Я подумала о Мэг Листон, уехавшей с мужем в глубь страны. Сейчас она пишет книгу и занимается исследованиями. Для меня это тоже может стать возможным.

— Линни, ты меня слушаешь? Я сказал, что у меня есть план.

Я моргнула.

— План?

Мистер Инграм сел на диван и кивнул на стоявшее возле него кресло.

— Я лучше постою.

— Как пожелаешь. Но эта мысль не выходит у меня из головы последние несколько дней.

Он окинул взглядом комнату, а затем снова посмотрел на темную жидкость на дне стакана.
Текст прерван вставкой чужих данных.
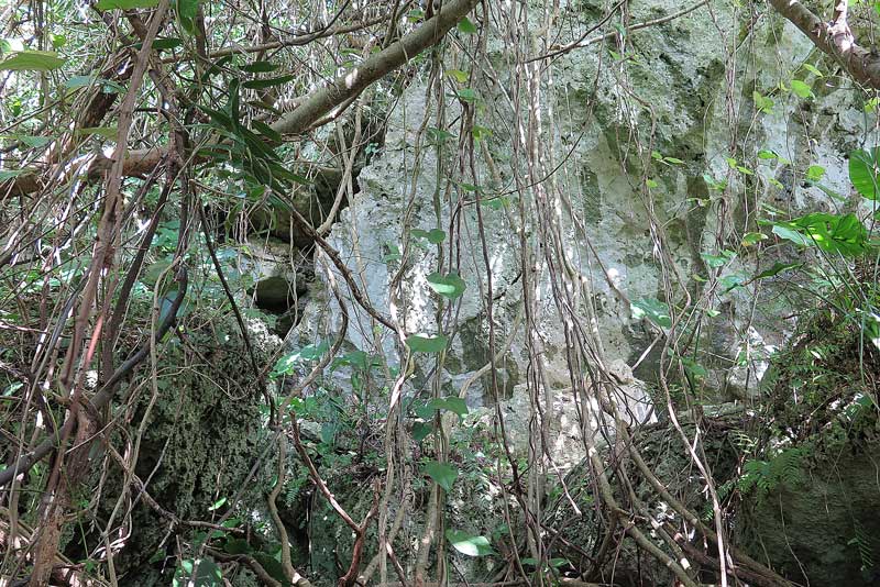 「白梅学徒看護隊之壕」の左手に、これまで私も気づきませんでしたが、ジャングルに入る道があるのですね。初めて入る場所ですから、ワクワクしながら50m程進んでみましたら、ご覧のように、急斜面となっていて陣地がある地形だと一目で解りました。
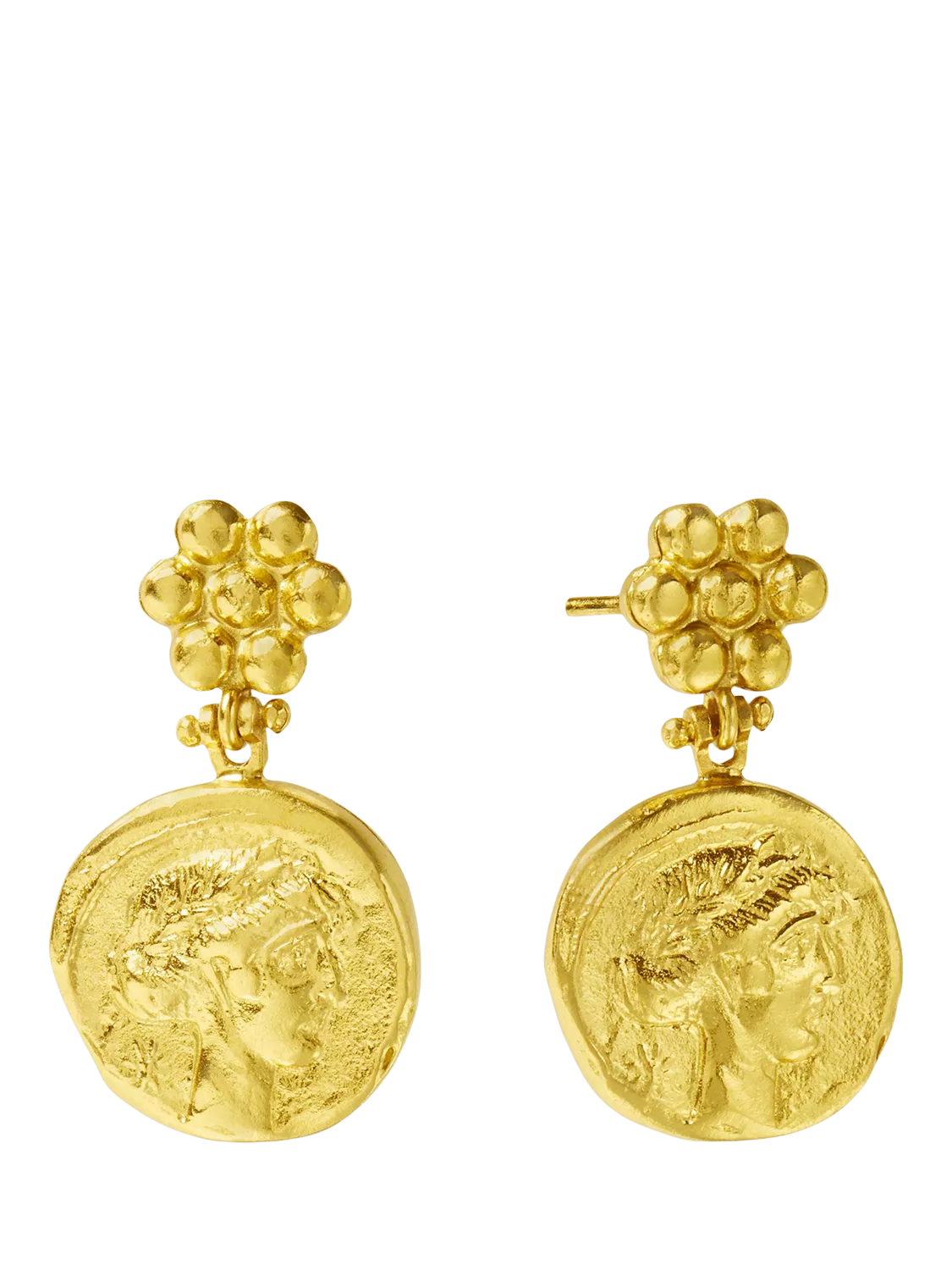 Inspired from Greek Mythology and powerful female figures, the Goddess Demeter Coin Drop Earrings are held by flower-shaped beads, adding timeless elegance to these handmade coin earrings. Crafted in 21ct gold-plated recycled brass, with the ear posts plated on sterling silver. Secured with a butterfly clasp, they are suitable for pierced ears only.

Ухоженной рукой Сомерс откинул назад волнистые темные волосы.

— Грубо говоря, мне нужна жена. Я больше не могу ждать и намеревался выбрать кого-нибудь с этого корабля. Если честно, некоторое время я думал, что остановлю свой выбор на этой маленькой писклявой канарейке, вместе с которой ты приехала, — на мисс Веспри. Кажется, с ней легко поладить, и она не настолько уродлива, чтобы меня тошнило за завтраком, хоть и довольно легкомысленна и порой неуравновешенна. Могу также допустить, что она оцепенеет от страха, если ее коснется мужчина, и первое время это тоже могло бы оказаться для меня полезным — ей, конечно же, не с кем меня сравнивать.
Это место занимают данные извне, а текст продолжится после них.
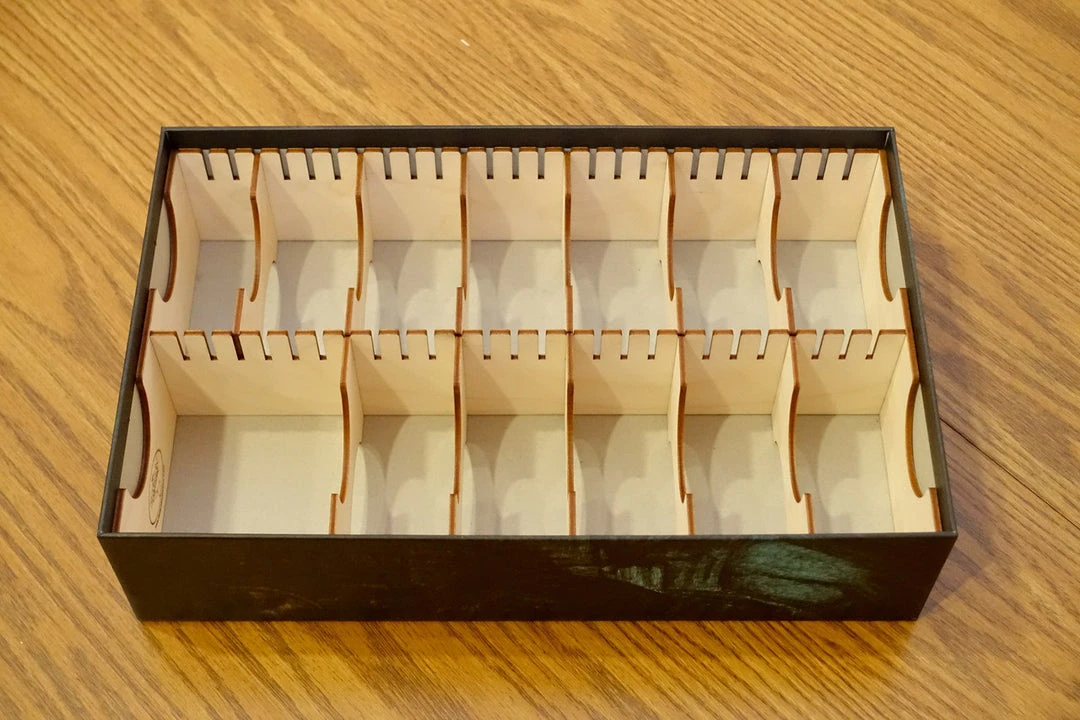 Our Ascension Organizer is compatible with Ascension by Stone Blade Entertainment. Â This organizer fits larger boxes such as those that come with Chronicle of the Godslayer and Storm of Souls.

Он продолжал приглаживать волосы, глядя в свой стакан, затем перевел взгляд на меня.

— В любом случае это уже не имеет никакого значения. Недавно мне пришло в голову, что мы с тобой — идеальная пара.

— Пара? Мы с вами? Ничего подобного. Пожалуйста, не надо нас сравнивать, я считаю это оскорблением.

Неожиданно мистер Инграм громко рассмеялся.

— Очень мило — тебя, ливерпульскую портовую шлюху, оскорбляет сравнение со мной.

Он снова засмеялся, подзывая жестом китматгара. Тот немедленно подошел, с серебряным подносом наготове. Его выкрашенная хной борода дрожала, пока мистер Инграм ставил стакан на поднос. Китматгар вернулся к буфету, снова наполнил стакан и поднес его мистеру Инграму. Затем растворился в углу комнаты.

Мистер Инграм сделал осторожный глоток.

— Но мы и в самом деле подходящая пара, моя дорогая. По той простой причине, что нам обоим есть что скрывать и мы можем воспользоваться друг другом для достижения собственных целей. Кроме того, ни ты, ни я здесь ни к кому не привязаны.

Я наблюдала за китматгаром, который стоял в темном углу, по-прежнему глядя в пол.

— Почему вы так торопитесь с женитьбой?

Мистер Инграм снова отпил из стакана.

— Я жду, когда смогу полностью получить наследство. Мой отец сколотил состояние благодаря интуиции и продуманным инвестициям в строительную промышленность, хотя за последние годы б'ольшая часть этих денег была пущена на ветер из-за его… пристрастий, недостойных джентльмена. — Мистер Инграм умолк и нетерпеливо, сердито мотнул головой. — Я единственный наследник. Несмотря на чудовищные траты, сумма наследства все еще довольно велика. Ее, конечно, не хватит на то, чтобы провести остаток жизни в праздности, но с ее помощью я мог бы расширить свои возможности. В завещании мой отец оговорил, что я получу наследство, когда мне исполнится двадцать пять лет, если при этом будут соблюдены все условия. Одно из этих условий — моя женитьба. Через три месяца мне исполняется двадцать пять.

Он осушил стакан.

— Я хочу сказать, Линни, что мы с тобой оба находимся в затруднительном положении, ты согласна? И самый простой выход из него — женитьба. Ты сможешь остаться в Индии. Мне эта страна тоже нравится, несмотря на царящие здесь беспорядок, грязь и идолопоклонство. Я не знаю, что привлекло здесь тебя, но я могу жить в Индии так, как мне заблагорассудится, — любой мой каприз немедленно исполняется слугами. Не говоря уже о богатстве и свежих мальчиках, которые охотно становятся любовниками того, кого они считают своим господином. Индия — это чудесное место для такого, как я. Родись я на полвека раньше, я стал бы купцом или солдатом удачи. Но дни купечества миновали. Теперь мы отвечаем за управление индусами. Нет, мы не только управляем ими, но и пытаемся им помочь. Индия — это отсталая страна.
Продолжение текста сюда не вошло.